Figure 6. Illustration of the the dynamical behavior of different cells to show the phase portrait of healthy CD4${}^{+}$ T-cells vs. infected CD4${}^{+}$ T-cells, infected CD4${}^{+}$ T-cells vs. HIV virus, HIV virus vs. CD8${}^{+}$ T-cells, CD8${}^{+}$ T-cells vs. activated CD8${}^{+}$ T-cells, and activated CD8${}^{+}$ T-cells vs. healthy CD4${}^{+}$ T-cells with the input values $r=0.03,{\aleph }_T=1$, and $\beta =0.85$.

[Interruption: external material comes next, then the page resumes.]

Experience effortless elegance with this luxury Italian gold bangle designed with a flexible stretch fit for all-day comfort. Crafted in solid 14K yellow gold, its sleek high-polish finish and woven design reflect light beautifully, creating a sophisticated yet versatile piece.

Figure 7. Representation of the time series of the CD8${}^{+}$ T-cells and activated CD8${}^{+}$ T-cells with the variation of input factor ${\aleph }_T$, where the curves for ${\aleph }_T=1000, 1200, 1400$, and 1600 are indicated by black, red, green, and blue, respectively.

Figure 8. Representation of the tracking path of the CD8${}^{+}$ T-cells and activated CD8${}^{+}$ T-cells with the variation of $\eta$, where the curves $\eta =0.003, 0.005, 0.007$, and $0.009$ are indicated by black, red, green, and blue, respectively.

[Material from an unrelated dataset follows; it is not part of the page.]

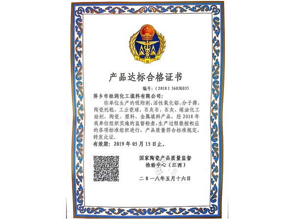 產(chǎn)品達(dá)標(biāo)合格證書
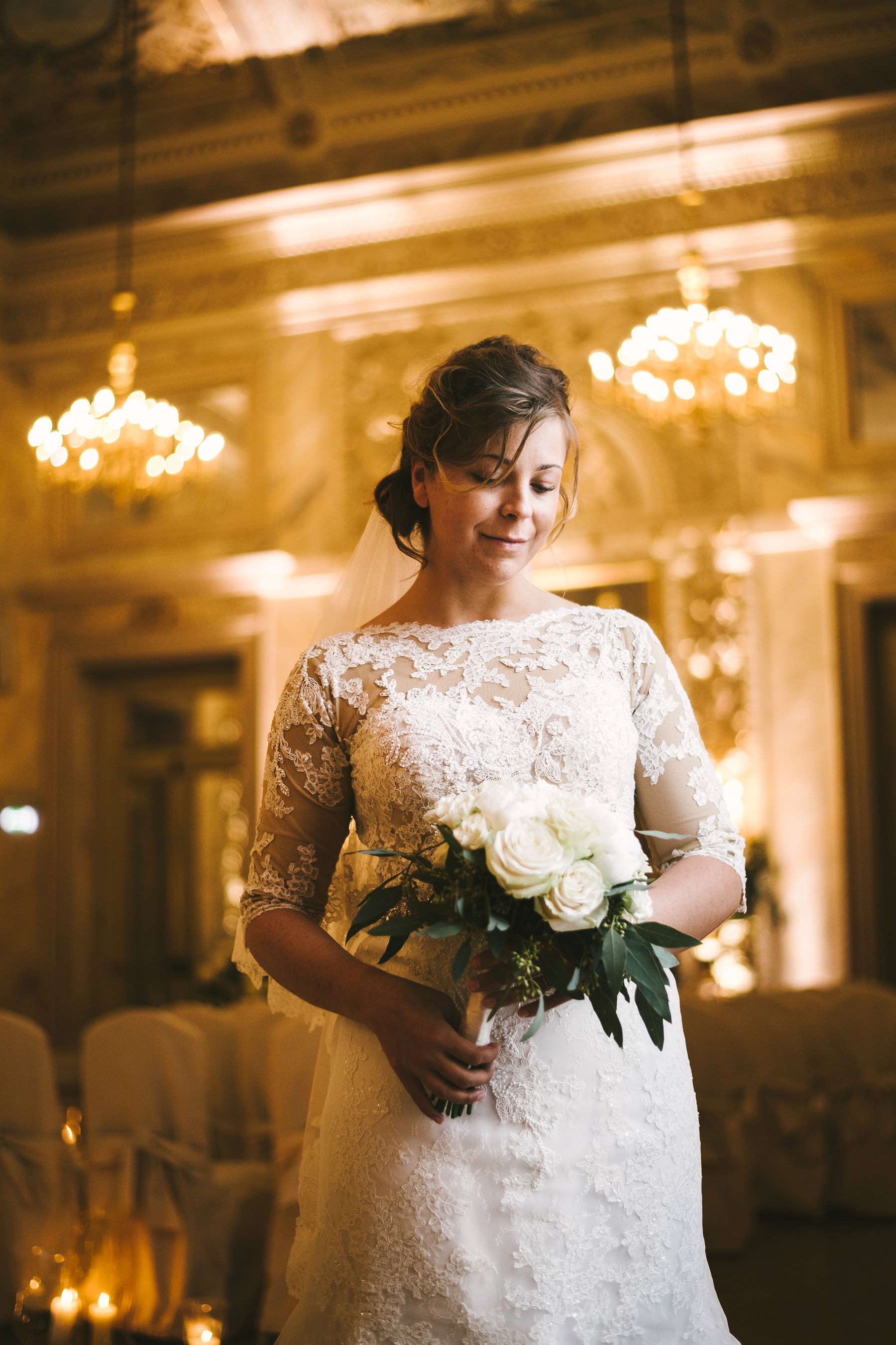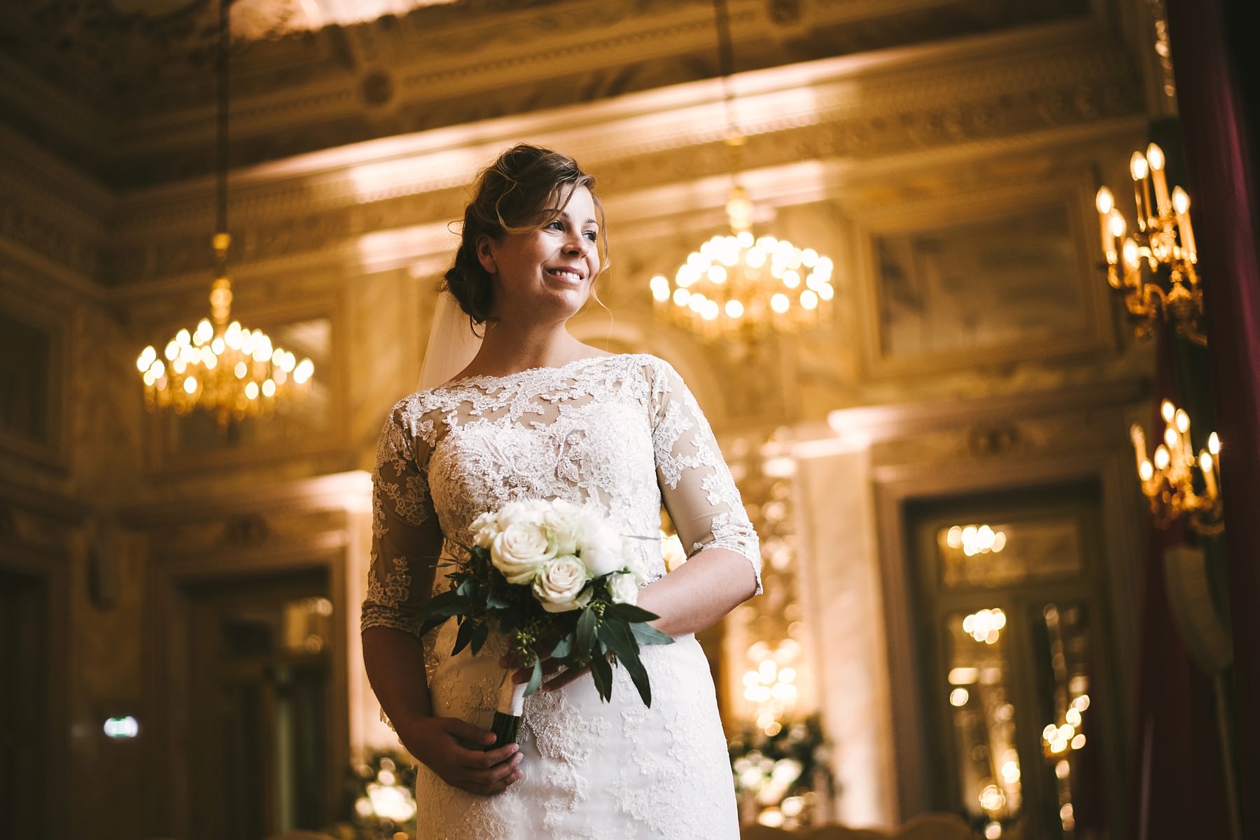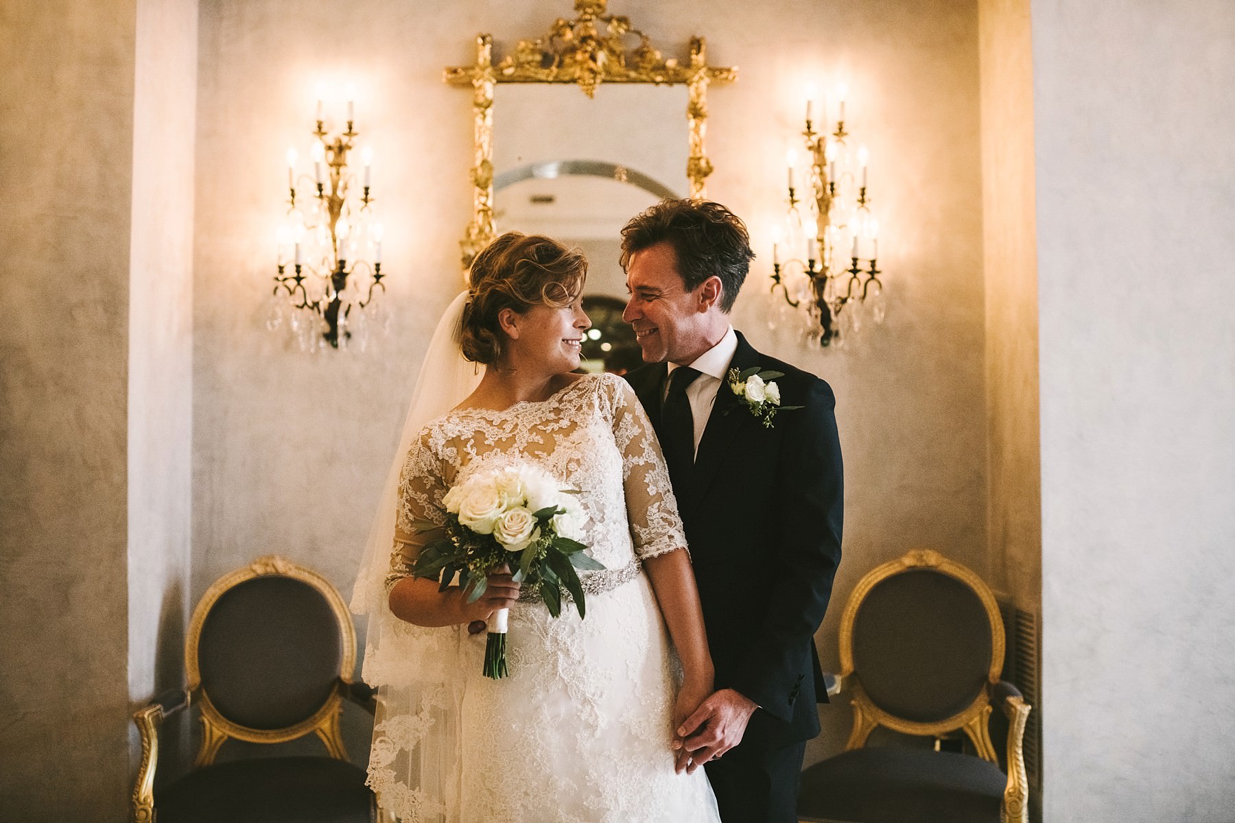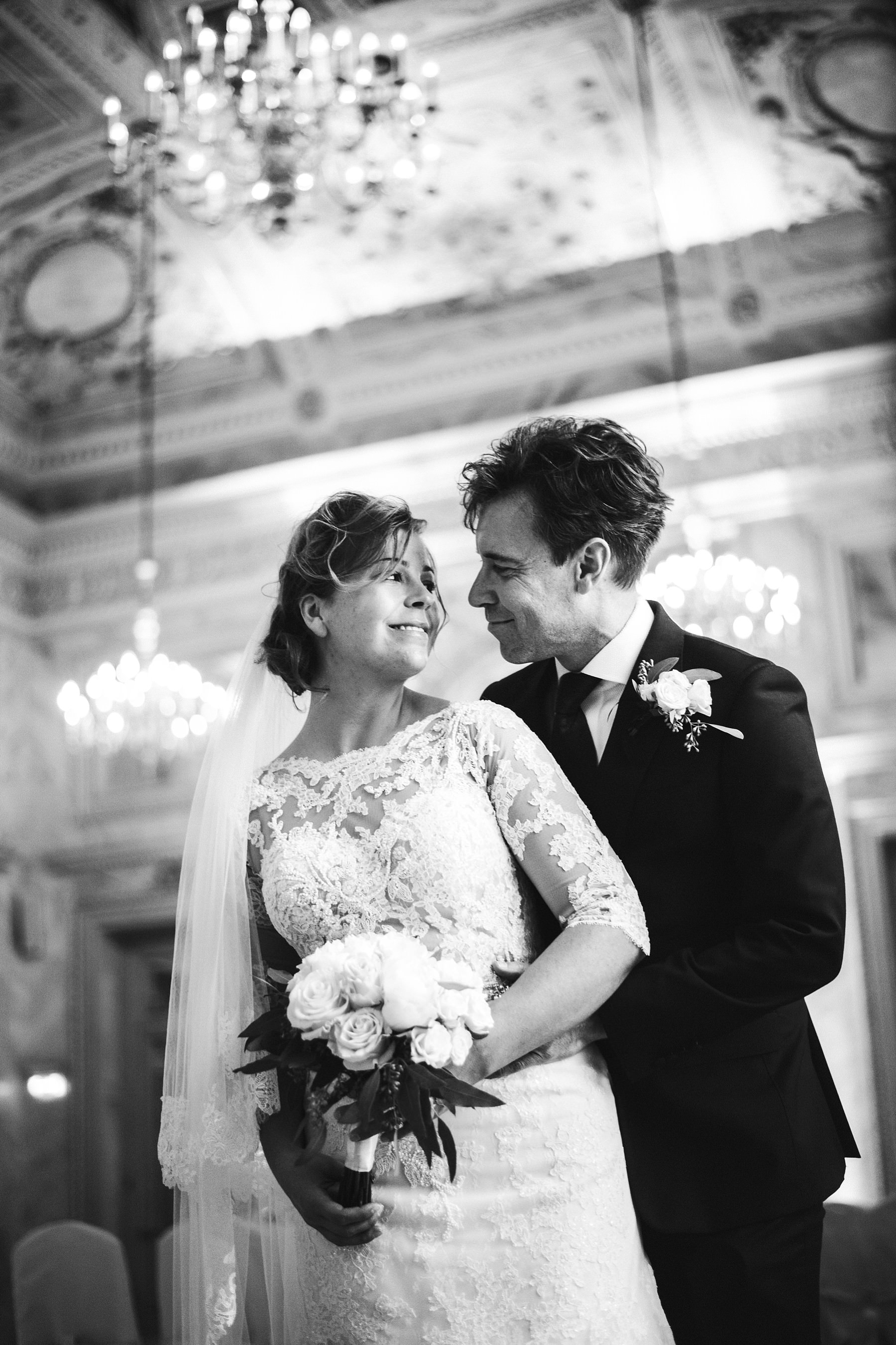 Lovely bride and groom portrait in Sala delle Feste ballroom at luxury hotel St. Regis Florence. Photo by the Italian elegant and modern wedding photographer in Tuscany based Florence Gabriele Fani

Figure 9. Illustration of the tracking paths of healthy CD4${}^{+}$ T-cells, infected CD4${}^{+}$ T-cells, HIV virus, CD8${}^{+}$ T-cells, and activated CD8${}^{+}$ T-cells of HIV infection with the variation of input factor $\alpha$, i.e., $\alpha =1\times {10}^{-5},10\times {10}^{-5},50\times {10}^{-5}$, and $100\times {10}^{-5}$.

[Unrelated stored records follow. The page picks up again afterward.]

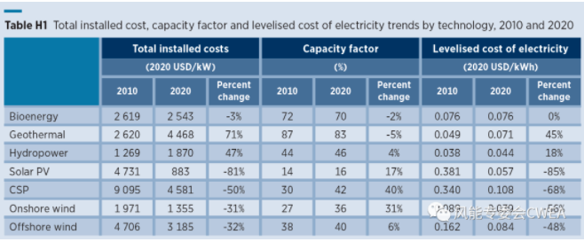 一圖看懂《2020年可再生能源發(fā)電成本》報(bào)告
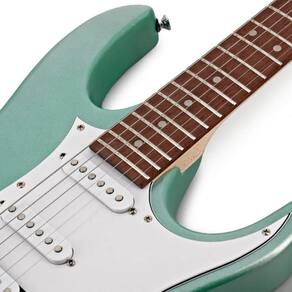 Modelo: GRX40 Construção: Braço parafusado bolt-on Material do Braço: Maple Corpo: Poplar Braço: GRX Escala: Jatobá Tamanho da escala: 25,5 Trastes: 22 Espaçamento das cordas: 10.5mm Ponte: T106 Tremolo Trastes: Médio Ferragens: Cromadas Escudo: Branco Marcação: Dot tipo Ponto Branco Captação: Infinity RS S Braço Passivo/Cerâmico Infinity RS S Meio Passivo/Cerâmico Infinity R H Ponte Passivo/Cerâmico Afinações de fábrica: 1E,2B,3G,4D,5A,6E Cordas: .009/.011/.016/.024/.032/.042 Controles: 1 Volume + 1 Tone e chave de 3 posições Cor: Metallic Light Green MGN Ean: 4515276836551
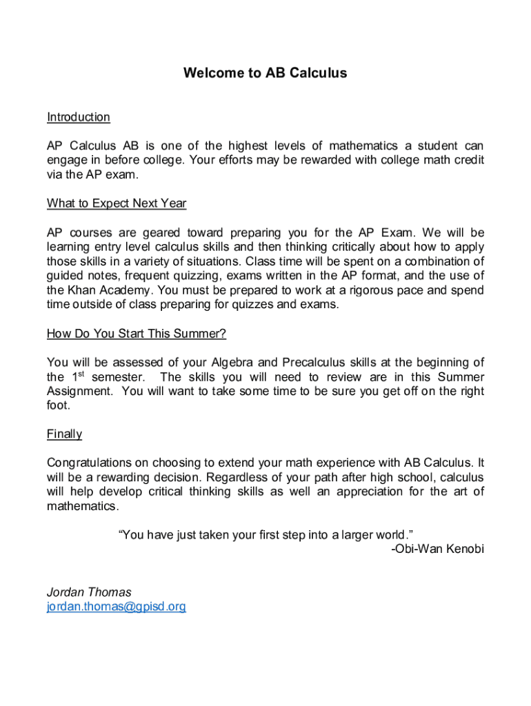 Get the free AP Calculus Ab DisclosureTimpview High School
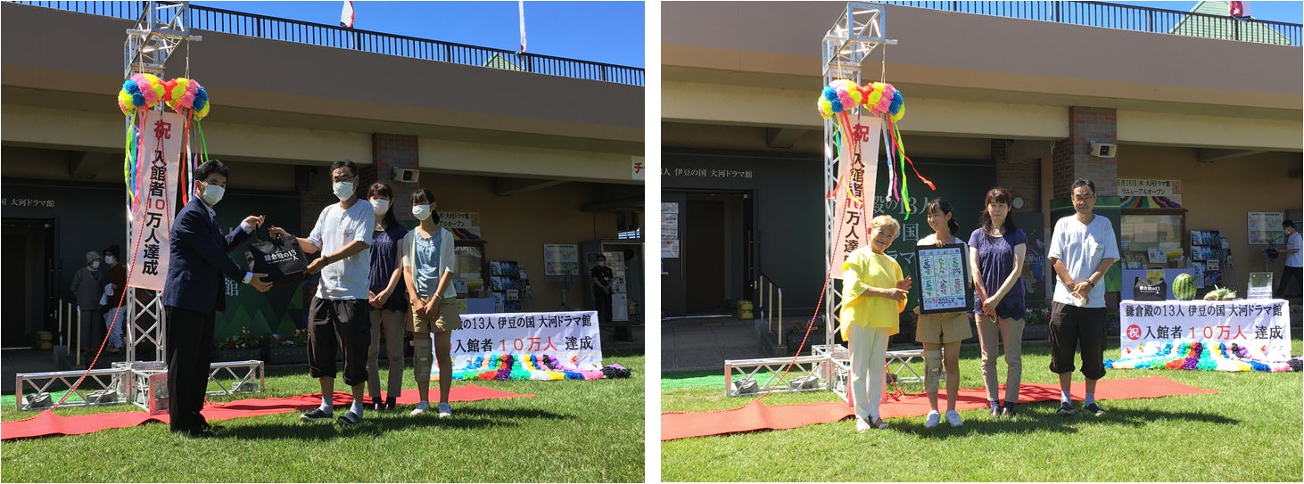 10万人目に入館されたお客様に、大河ドラマ「鎌倉殿の13人」伊豆の国市推進協議会会長から記念品を贈呈しました。
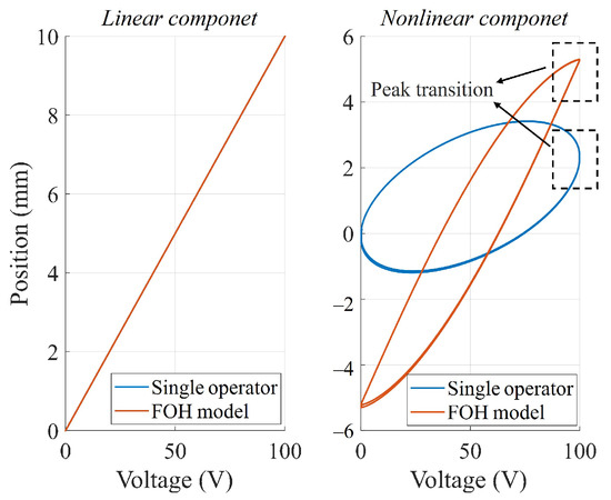 In previous studies on modeling the nonlinear characteristics of piezoelectric materials, a large number of nonlinear hysteresis operators were often employed to describe the hysteresis properties [49]. However, little additional attention was given to the peak transition behavior. The nonlinear component of the model proposed in this work is based on a combination of a fractional-order operators and a deformed form of another fractional-order operator, achieving a good representation of the peak transition behavior. Figure 9 demonstrates that the nonlinear module of the FOH model provides a better representation of this characteristic compared to a single fractional-order operator.

Chaos theory focuses on non-linear processes that are challenging to predict or control. The chaotic nature lead to the system instability, and therefore, it is valuable to find out the critical factors responsible for the chaos of the system. It has been observed that the initial conditions of state variables and the non-linearity of the system are the main reasons of this irregular nature of the system. This is vital because they offer important knowledge on the HIV infection mechanism. The system’s chaotic behavior serves as an example of how even minor disturbances may cause substantial systemic alterations. These disorganized charts illustrate the system’s instability and vulnerability to initial circumstances, which renders it unpredictable. According to our research, the non-linearity of the system considerably affects oscillation and chaos, which are both significantly amplified.

6. Concluding Remarks

Mathematical models for HIV and the immune system can help researchers and clinicians to better understand the dynamics of the disease, predict the impact of interventions, and develop new strategies for the management of the infection. In this study, we constructed a novel model for the in vivo dynamics of HIV infection. The interaction of HIV viruses with both HIV-negative and HIV-positive T-cells was considered in our system. The recommended system is discussed in terms of Liouville–Caputo and Atangana–Baleanu fractional operators for more accurate findings. The solution routes and chaotic behavior of HIV infection are displayed with the help of numerical methods. We performed numerous simulations to mimic the system’s most crucial parameters. The solution pathways of the system has been shown numerically. The fractional parameter is found to be sensitive to the system outputs. We have shown a strong relationship between chaos and oscillatory behavior. The impact of input factors has been conceptualized with the help of numerical results and findings. In a future study, we will enhance the model and demonstrate how delay affects the dynamics of HIV infection. In order to demonstrate the effects of immunization and treatment on the system, the model will also be upgraded to include the effect of the therapeutic approach that can restore immune system health and reduce the risk of opportunistic infections and other complications.